The fermentation can be done with this endogenous wild yeast; however, this may give unpredictable results depending on the exact types of yeast species present on the grapes, in the winery and even oak barrels.
For this reason pure cultured yeast is generally added to the must, which rapidly comes to dominate the fermentation. This represses the wild yeasts and ensures a reliable, controlled and predictable fermentation.
'Indigenous / Wild Yeast'
For inoculated fermentations, the size of the inoculum which yeast manufacturers recommend adding is large enough to insure that the fermentation starts rapidly and is therefore dominated by this single strain. Many winemakers inoculate with a considerably smaller dose of yeast and they obtain some of the benefits of wild yeast fermentation. The result is a slower, longer fermentation, giving a foothold for native yeast to have an influence on the fermentation.

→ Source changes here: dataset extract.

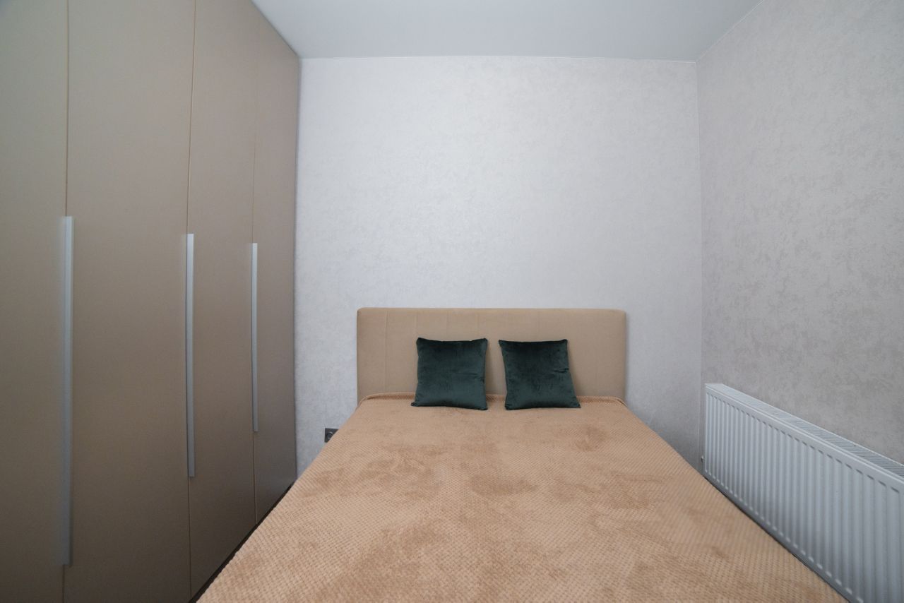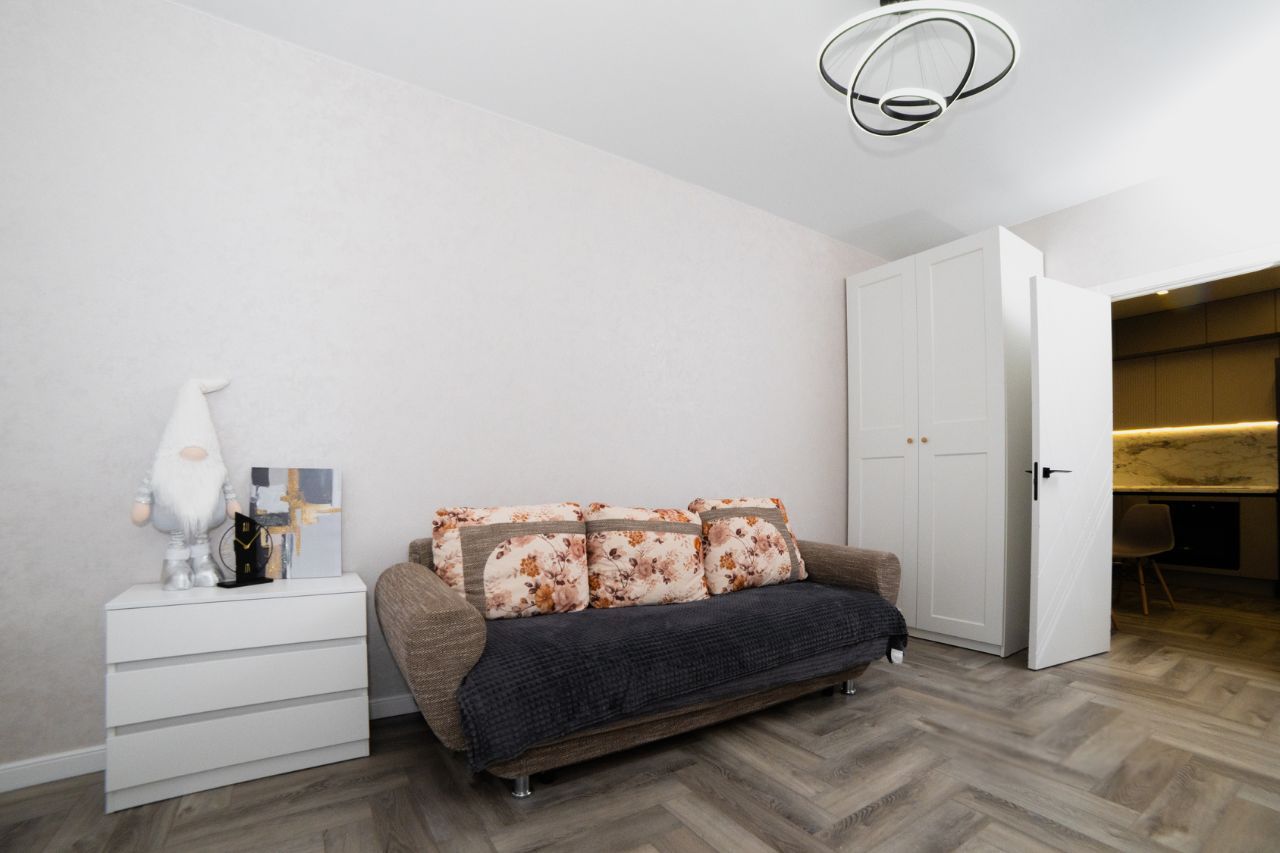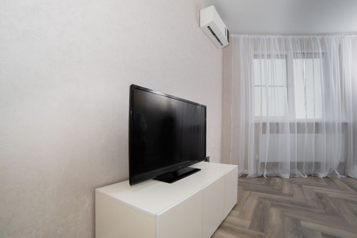 В спальной комнате установлена двуспальная кровать с ортопедическим матрасом и подъемным механизмом, ТВ с приставкой и приложением зона и kion, кондиционер и вместительный шкаф, а так же функциональная люстра с регулировкой освещения.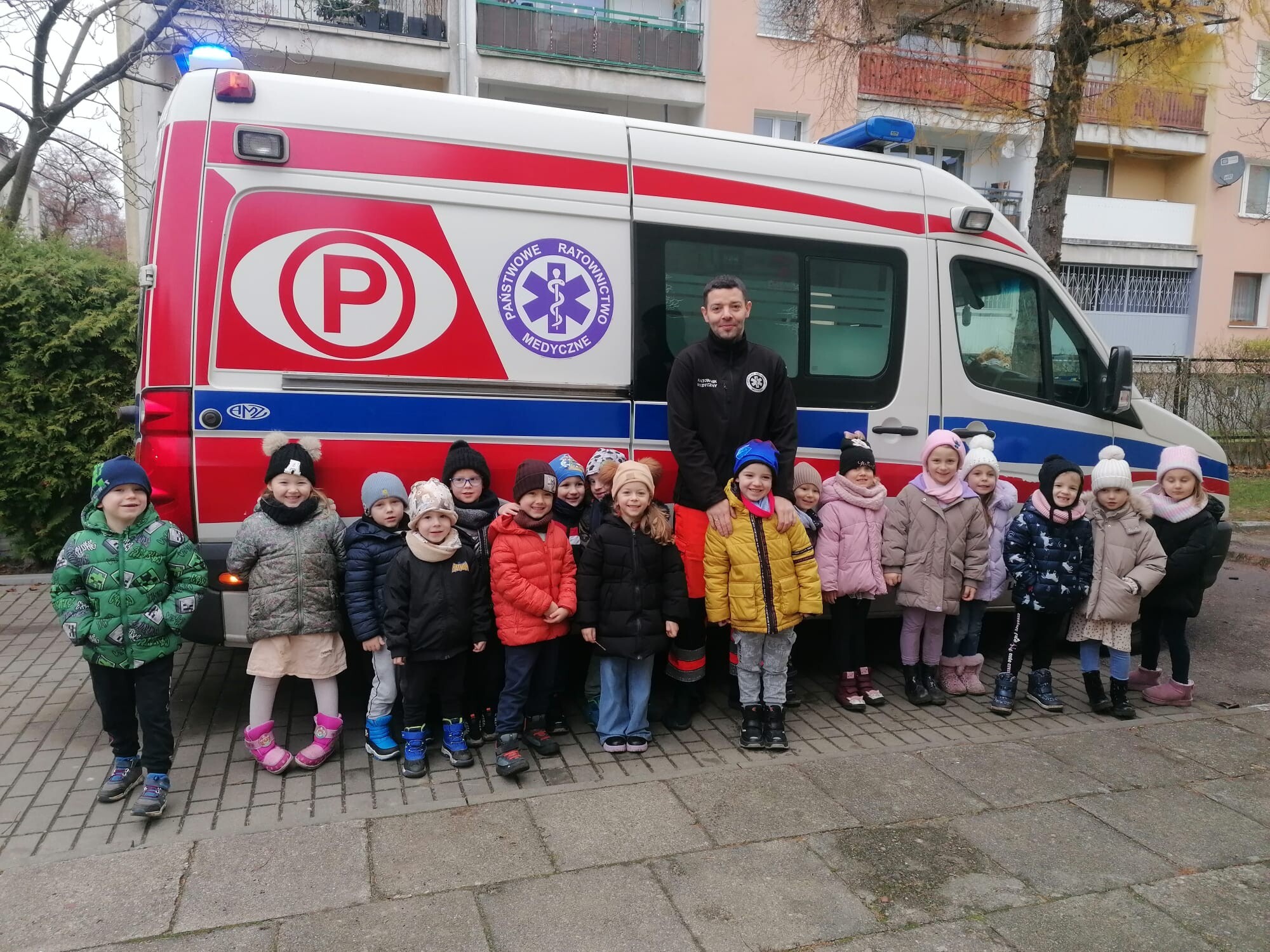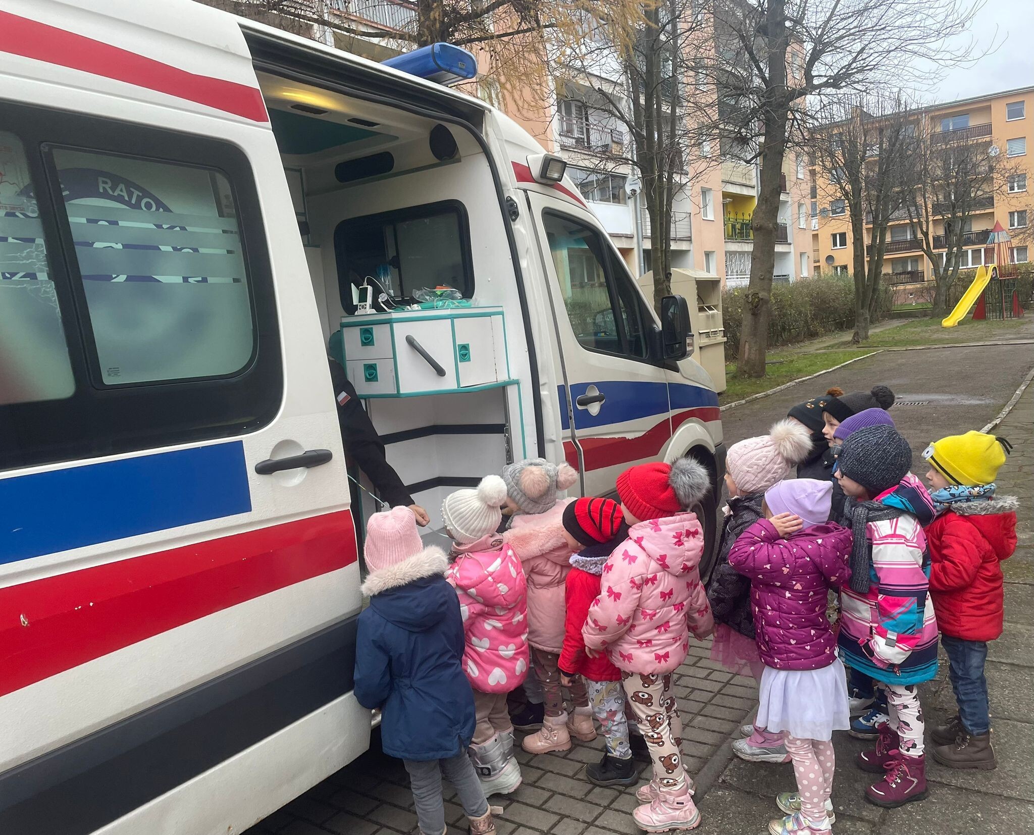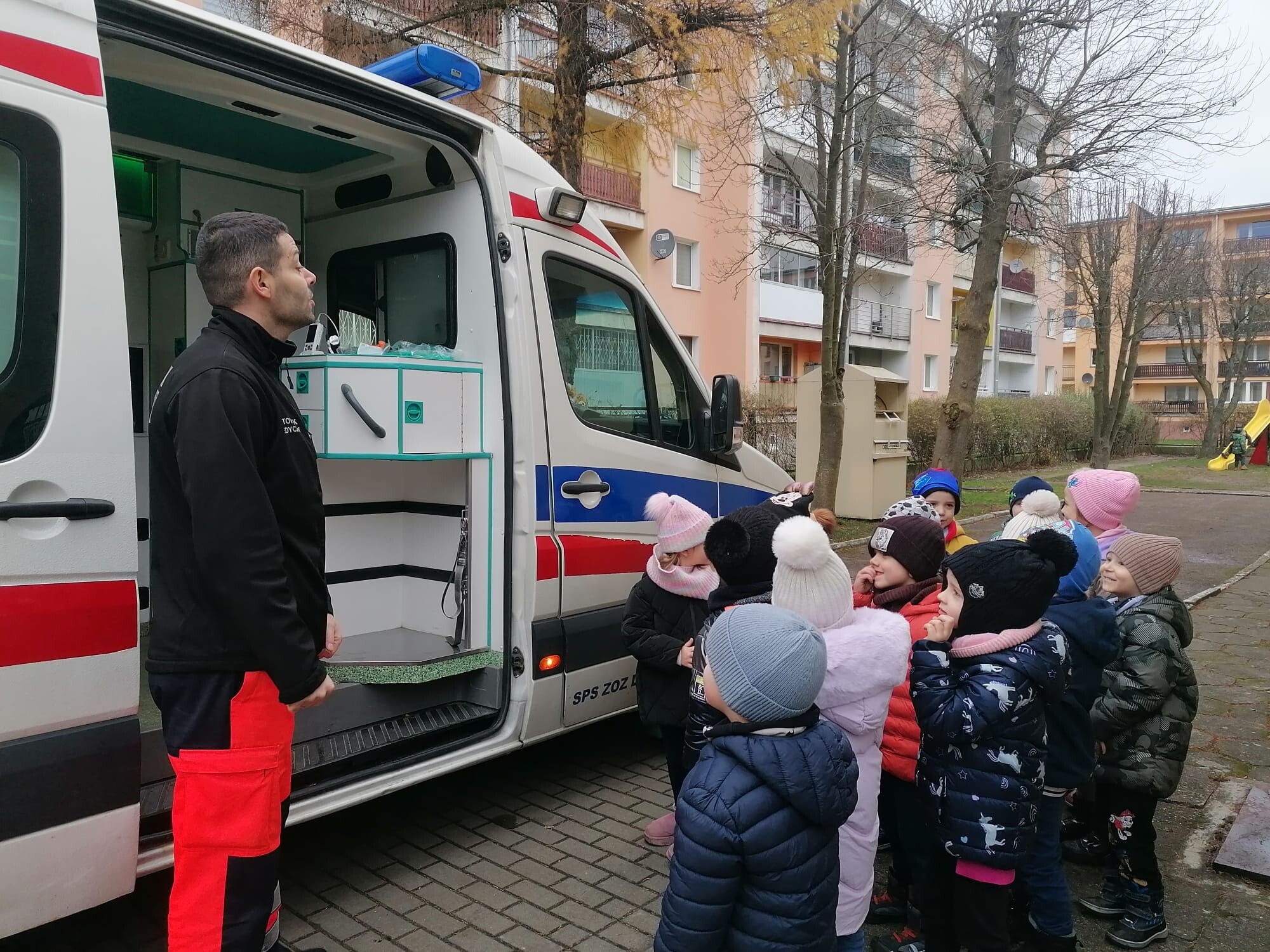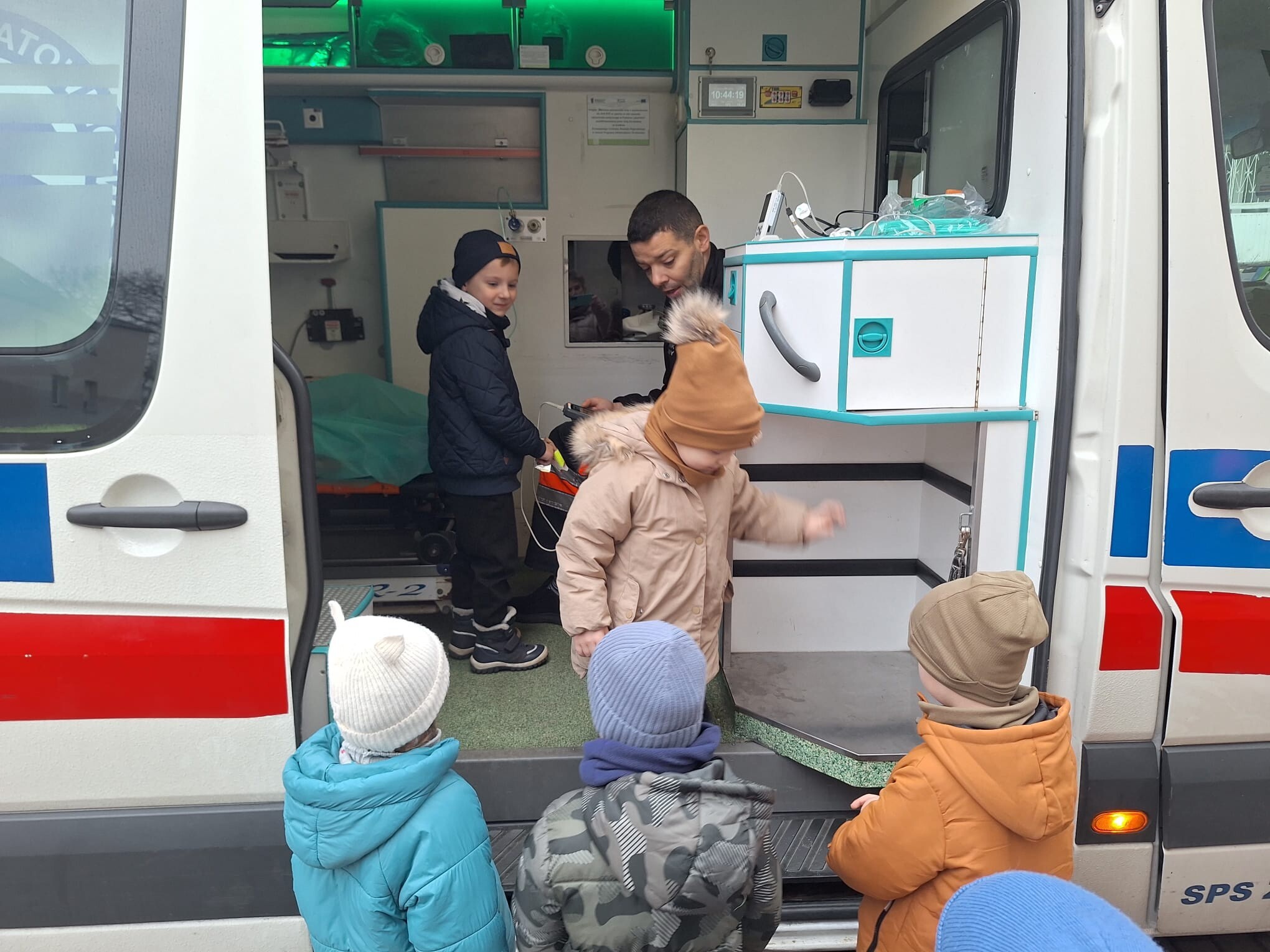 W piątkowe przedpołudnie 12 grudnia gościem w naszym przedszkolu był ratownik medyczny - Pan Robert Żółtowski, tata 5 - letniego Krzysia z grupy Słoneczek. To było nie tylko bardzo miłe, ale przede wszystkim bardzo ważne spotkanie, ponieważ na naszym przedszkolnym placu zabaw pojawiła się karetka pogotowia. Przedszkolaki mogły wejść do wnętrza pojazdu, zobaczyć, jak wyposażona jest karetka, poznać sprzęt medyczny, a co najważniejsze - nauczyć się, kiedy i jak dzwonić po pomoc. Dzieci mogły również posłuchać alarmowego sygnału dźwiękowego i poczuć się choć przez chwilę, jak ratownik medyczny podczas akcji ratowniczej.

Most of France and much of Europe practice inoculated fermentations. The exceptions are some of the small estates in Burgundy and the Rhone who use native yeast in most years. For these smaller domaines, science and technology take a back seat to tradition, or 'doing it as their father did it.' While some NZ winemakers have embraced many traditional French winemaking techniques, natural yeast fermentations have caught on only in the last ten years or so.
Wild yeast is not the secret answer to making great wine. Rather, it is a piece of the puzzle - one in a number of ways to develop complexity in wines. This quality factor, coupled with the fact that the majority of winemakers feel these methods make their craft more interesting and challenging assures that the use of wild yeast will continue to grow in the production of interesting and dynamic wines.